John A. Paulson School of Engineering and Applied Sciences, Harvard University, Cambridge, Massachusetts 02138, USA.
Phys Rev Lett. 2018 Oct 12;121(15):157001. doi: 10.1103/PhysRevLett.121.157001.
For copper-based superconductors, the maximum superconducting transition temperature T_{c,max} of different families measured from experiment can vary from 38 K in La_{2}CuO_{4} to 135 K in HgBa_{2}Ca_{2}Cu_{3}O_{8} at the optimal hole doping concentration. We demonstrate herein, using ab initio computations, a new trend suggesting that the cuprates with stronger out-of-CuO_{2}-plane chemical bonding between the apical anion (O, Cl) and apical cation (e.g., La, Hg, Bi, Tl) are generally correlated with higher T_{c,max} in experiments. We then show the underlying fundamental phenomena of coupled apical charge flux and lattice dynamics when the apical oxygen oscillates vertically. This triggers the charge flux among the apical cation, apical anion, and the in-plane CuO_{4} unit. The effect not only dynamically modulates the site energy of the hole at a given Cu site to control the in-plane charge transfer energy, but also can modulate the in-plane hole hopping integral simultaneously in a dynamic way by the cooperative apical charge fluxes.

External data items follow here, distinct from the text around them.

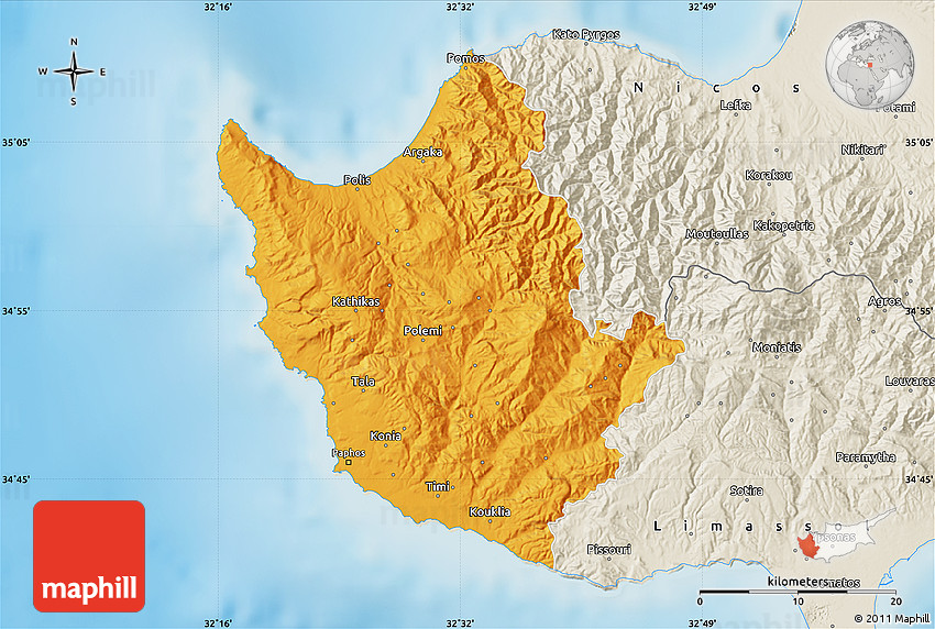 Maphill is a collection of map images. This political map of Paphos is one of them. Click on the Detailed button under the image to switch to a more detailed map.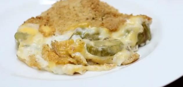 - إدخال الصينية إلى فرنٍ ساخنٍ درجة حرارته 256 درجةً مئويةٍ، مدَّة تتراوح من ثلث ساعةٍ إلى نصف ساعةٍ، أو بحسم نوع الفرن، وترك الصينية في الفرن حتى يصبح المزيج متماسكًا وذهبيًا، ثمَّ إخراج الصينية من الفرن وتقديم الطبق.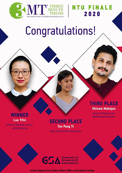 Winner of Three Minute Thesis (3MT) NTU Finale 2020 - Ms Luo Yifei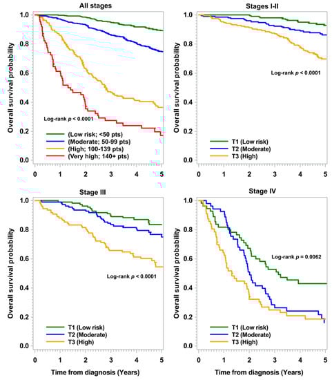 We compared the nomograms’ predictive accuracy with the basic and medium models, using Harrell’s concordance index (C-index) in both the training and validation sets. For patients of all stages, we used restricted cubic spline functions and the Akaike information criterion value to choose appropriate cut offs for risk stratification of patients for OS in the training set. The cut-offs were then applied to the internal validation set. Patients were classified into four nomo-risk groups based on their nomogram points, namely, low (<50 points), moderate (50–99 points), high (100–139 points), and very high risk (140+ points). In the internal validation set, risk stratification for OS by the nomogram was additionally illustrated by Kaplan–Meier survival curves and log-rank tests for trend for the four nomo-risk groups among patients in all stages combined and for tertiles of nomo-risk groups in stage-specific analyses. We, furthermore, calibrated the nomograms in 200 bootstrapped samples, by plotting the observed survival probabilities estimated by the Kaplan–Meier method against the nomogram-predicted survival probabilities.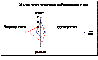 Рисунок 2.10 - Частный профиль «Управление наемными работниками» за 2005, 2006 года Существующие графики позволяют выделить наиболее выраженные тенденции изменения культуры за три года. В 2005 году квадрант «Клана» полностью доминировал над всеми остальными квадрантами. Ситуация изменилась в 2006, где помимо квадранта «Клан» в лидеры вышел квадрант «Иерархия». Остальные два квадранта остались на тех же позициях, что и в 2005 году. 2006 год ознаменовался тем, что одним из доминирующих квадрантов стал «Рынок». Получилась следующая картина. В 2005 году доминирующим квадрантом был «Клана». Затем, в 2006 а «Клану» присоединился квадрант «Иерархии». В 2006 году получилась ситуация, где уже три квадранта «Клан», «Иерархия» и «Рынок» стали лидерами. Причем, квадрант «Клана» со временем потерял свои позиции, а «Иерархия» и «Рынок» наоборот - росли.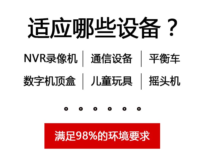 可適用范圍監(jiān)控安防、軍工設(shè)備、科研設(shè)備、LED照明、工控設(shè)備、通訊設(shè)備、電力設(shè)備、儀器儀表、工業(yè)自動化控制、數(shù)碼產(chǎn)品、路由器、網(wǎng)絡(luò)交換機(jī)、視聽產(chǎn)品和儀器等。
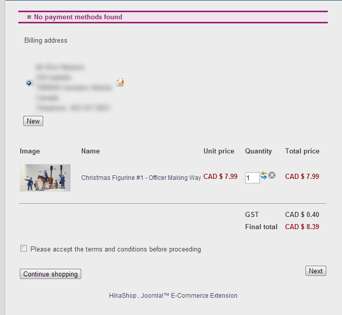 Shows the following error message "No payment methods found"

对于铜基超导体,从实验中测量的不同家族的最大超导转变温度 T_{c,max}在最佳空穴掺杂浓度下可以从 La_{2}CuO_{4}的 38 K 变化到 HgBa_{2}Ca_{2}Cu_{3}O_{8}的 135 K。本文通过第一性原理计算证明了一个新的趋势,即在 CuO_{2}-平面之外,顶点阴离子(O、Cl)和顶点阳离子(如 La、Hg、Bi、Tl)之间的化学结合越强的铜酸盐通常与实验中更高的 T_{c,max}相关。然后,我们展示了当顶点氧垂直振荡时,耦合的顶点电荷流和晶格动力学的基本现象。这会引发在顶点阳离子、顶点阴离子和平面 CuO_{4}单元之间的电荷流。该效应不仅动态地调节了给定 Cu 位上的空穴的位能以控制平面内的电荷转移能,而且还可以通过协同的顶点电荷流以动态方式同时调制平面内的空穴跃迁积分。